Therefore, taking the teachings of claims 21, 30 and 39 of the ‘539 application and Zhu together as a whole, it would have been obvious to a person having ordinary skill in the art (herein “PHOSITA”) before the effective filing date of the claimed invention to have modified claims 21, 30 and 39 of the ‘539 application to have the sporting event data be based on sports broadcast footage of the sporting event as disclosed by Zhu at least because doing so would allow for discovering tactic patterns amongst professional athletes, in order to improve team performance during a game. See Zhu abstract, section I.
Regarding claims 2 and 11, claims 22 and 31 of the ‘539 application recite identical limitations.
Regarding claims 3 and 12, claims 23 and 32 of the ‘539 application recite identical limitations.
Regarding 20, claim 39 of the ‘539 application recites “the non-transitory computer readable medium” and “wherein the labeled event data” but does not teach where Zhu teaches includes a sequential stream of one or more major events throughout a sport event, the major events including at least one of a pass, shot, tackle, foul, turnover, penalty, goal, score, or substitution from the sporting event, and wherein the geospatial data includes one or more of the sports broadcast footage, in-venue footage, global positioning system (GPS) data, near field communication (NFC) data, or radio- frequency identification (RFID) data (Zhu pages 52–53, sections A–C, web-casting text analysis teaching that webcasting text from broadcasted sports games are labels provided by sports professionals for specific game events such as goal or a heading in scoring event, and that the web-casting text is extracted and aligned with time points in the game video, which is sports broadcast footage).

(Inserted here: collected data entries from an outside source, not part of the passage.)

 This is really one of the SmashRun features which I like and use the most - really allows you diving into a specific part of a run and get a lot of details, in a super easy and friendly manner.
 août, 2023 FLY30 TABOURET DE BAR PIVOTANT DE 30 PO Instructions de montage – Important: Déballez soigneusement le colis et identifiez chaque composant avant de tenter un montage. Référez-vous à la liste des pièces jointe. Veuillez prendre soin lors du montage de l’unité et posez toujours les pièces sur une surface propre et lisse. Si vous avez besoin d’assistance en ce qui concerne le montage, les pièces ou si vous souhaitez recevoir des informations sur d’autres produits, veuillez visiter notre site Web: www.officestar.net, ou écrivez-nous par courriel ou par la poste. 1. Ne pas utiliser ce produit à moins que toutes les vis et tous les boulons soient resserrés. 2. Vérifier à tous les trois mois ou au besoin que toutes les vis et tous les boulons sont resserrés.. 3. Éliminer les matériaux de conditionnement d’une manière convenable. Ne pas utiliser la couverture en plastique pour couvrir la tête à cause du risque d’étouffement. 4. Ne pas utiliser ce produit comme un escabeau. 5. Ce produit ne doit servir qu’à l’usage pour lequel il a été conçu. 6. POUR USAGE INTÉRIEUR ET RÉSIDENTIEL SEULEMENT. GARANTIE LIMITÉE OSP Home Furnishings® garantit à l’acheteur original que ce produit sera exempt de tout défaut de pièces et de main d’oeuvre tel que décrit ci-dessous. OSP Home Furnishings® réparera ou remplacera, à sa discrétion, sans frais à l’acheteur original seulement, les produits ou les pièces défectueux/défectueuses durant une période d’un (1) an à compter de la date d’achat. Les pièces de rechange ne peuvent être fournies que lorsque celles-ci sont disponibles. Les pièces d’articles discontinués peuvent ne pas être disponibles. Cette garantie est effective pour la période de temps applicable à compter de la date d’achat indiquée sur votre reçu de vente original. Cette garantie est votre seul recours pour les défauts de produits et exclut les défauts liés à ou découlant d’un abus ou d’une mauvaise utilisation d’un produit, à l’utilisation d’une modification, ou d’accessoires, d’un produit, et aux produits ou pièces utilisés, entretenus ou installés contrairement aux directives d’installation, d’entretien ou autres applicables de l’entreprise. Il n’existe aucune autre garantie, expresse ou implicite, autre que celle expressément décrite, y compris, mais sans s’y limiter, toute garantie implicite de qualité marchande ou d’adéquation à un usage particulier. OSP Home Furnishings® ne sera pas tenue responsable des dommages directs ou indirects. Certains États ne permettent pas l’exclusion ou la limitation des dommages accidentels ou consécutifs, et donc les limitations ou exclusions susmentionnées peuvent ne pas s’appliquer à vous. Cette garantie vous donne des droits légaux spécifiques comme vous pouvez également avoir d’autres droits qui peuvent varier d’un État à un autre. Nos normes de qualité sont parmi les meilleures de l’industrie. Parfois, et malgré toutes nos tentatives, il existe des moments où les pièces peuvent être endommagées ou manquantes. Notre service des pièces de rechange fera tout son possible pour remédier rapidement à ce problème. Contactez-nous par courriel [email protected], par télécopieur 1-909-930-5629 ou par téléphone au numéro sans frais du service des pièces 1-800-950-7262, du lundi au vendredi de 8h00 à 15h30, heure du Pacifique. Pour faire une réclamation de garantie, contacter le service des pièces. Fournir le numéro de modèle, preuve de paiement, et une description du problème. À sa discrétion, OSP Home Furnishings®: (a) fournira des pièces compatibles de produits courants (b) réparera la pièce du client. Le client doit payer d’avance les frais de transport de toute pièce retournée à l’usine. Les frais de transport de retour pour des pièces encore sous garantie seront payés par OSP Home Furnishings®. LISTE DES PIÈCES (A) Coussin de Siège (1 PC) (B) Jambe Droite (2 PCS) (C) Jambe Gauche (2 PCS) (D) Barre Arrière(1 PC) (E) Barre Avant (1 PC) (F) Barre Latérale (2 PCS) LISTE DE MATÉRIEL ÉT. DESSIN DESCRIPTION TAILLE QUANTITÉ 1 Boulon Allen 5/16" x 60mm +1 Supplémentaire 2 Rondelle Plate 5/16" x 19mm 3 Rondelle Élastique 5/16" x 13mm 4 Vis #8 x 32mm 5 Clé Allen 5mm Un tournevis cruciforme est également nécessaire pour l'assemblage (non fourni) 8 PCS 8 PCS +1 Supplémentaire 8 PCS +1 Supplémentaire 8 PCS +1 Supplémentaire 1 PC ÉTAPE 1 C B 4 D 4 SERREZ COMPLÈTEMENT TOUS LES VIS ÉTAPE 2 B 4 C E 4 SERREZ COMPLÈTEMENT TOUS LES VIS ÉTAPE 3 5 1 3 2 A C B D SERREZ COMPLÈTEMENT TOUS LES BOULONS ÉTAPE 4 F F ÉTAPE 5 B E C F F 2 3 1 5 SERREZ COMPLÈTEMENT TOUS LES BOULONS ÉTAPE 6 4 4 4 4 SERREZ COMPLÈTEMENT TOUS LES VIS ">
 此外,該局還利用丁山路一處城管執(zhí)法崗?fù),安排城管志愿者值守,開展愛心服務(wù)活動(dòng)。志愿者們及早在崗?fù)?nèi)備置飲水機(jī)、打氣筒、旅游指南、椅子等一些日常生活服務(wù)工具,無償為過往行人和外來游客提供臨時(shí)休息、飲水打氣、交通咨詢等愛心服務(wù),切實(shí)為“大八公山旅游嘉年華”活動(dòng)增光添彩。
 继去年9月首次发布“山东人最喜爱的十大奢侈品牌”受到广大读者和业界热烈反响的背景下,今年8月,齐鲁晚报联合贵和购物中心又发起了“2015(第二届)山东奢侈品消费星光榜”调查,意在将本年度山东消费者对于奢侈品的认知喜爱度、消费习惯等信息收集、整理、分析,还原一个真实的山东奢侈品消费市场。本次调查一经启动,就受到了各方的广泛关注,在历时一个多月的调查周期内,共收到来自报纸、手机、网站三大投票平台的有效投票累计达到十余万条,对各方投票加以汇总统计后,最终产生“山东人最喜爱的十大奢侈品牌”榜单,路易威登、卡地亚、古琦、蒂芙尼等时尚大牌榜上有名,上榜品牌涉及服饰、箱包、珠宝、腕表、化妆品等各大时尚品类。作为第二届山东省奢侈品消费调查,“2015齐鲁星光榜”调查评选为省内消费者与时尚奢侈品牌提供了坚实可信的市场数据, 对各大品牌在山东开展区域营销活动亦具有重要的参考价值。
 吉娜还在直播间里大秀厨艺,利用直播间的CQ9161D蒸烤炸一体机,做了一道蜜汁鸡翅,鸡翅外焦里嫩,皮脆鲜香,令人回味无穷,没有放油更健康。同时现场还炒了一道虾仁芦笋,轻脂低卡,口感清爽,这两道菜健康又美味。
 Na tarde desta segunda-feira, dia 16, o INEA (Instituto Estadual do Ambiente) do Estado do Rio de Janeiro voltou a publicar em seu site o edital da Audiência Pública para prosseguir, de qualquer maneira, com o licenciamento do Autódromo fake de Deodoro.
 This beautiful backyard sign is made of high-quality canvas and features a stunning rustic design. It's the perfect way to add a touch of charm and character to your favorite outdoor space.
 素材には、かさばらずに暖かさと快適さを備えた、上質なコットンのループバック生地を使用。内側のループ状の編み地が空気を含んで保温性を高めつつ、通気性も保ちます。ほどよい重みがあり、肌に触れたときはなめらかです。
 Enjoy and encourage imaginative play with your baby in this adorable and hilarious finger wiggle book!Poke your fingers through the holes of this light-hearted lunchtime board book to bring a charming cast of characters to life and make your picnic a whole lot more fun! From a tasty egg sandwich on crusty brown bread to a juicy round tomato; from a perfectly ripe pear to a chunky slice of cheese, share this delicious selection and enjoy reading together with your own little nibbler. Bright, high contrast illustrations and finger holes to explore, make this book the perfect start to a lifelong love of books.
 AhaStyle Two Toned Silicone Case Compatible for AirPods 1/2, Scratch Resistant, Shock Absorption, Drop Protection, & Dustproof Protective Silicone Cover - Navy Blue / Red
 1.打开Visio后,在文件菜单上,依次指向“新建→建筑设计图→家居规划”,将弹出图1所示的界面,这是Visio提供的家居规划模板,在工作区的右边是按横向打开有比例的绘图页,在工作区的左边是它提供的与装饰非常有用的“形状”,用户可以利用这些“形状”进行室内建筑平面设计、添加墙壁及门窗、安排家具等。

Therefore, taking the teachings of claim 39 of the ‘539 application and Zhu together as a whole, it would have been obvious to a “PHOSITA” before the effective filing date of the claimed invention to have modified claim 39 of the ‘539 application to have the sporting event data be sports broadcast footage including a goal and score event as disclosed by Zhu at least because doing so would allow for discovering tactic patterns amongst professional athletes, in order to improve team performance during a game. See Zhu abstract, section I.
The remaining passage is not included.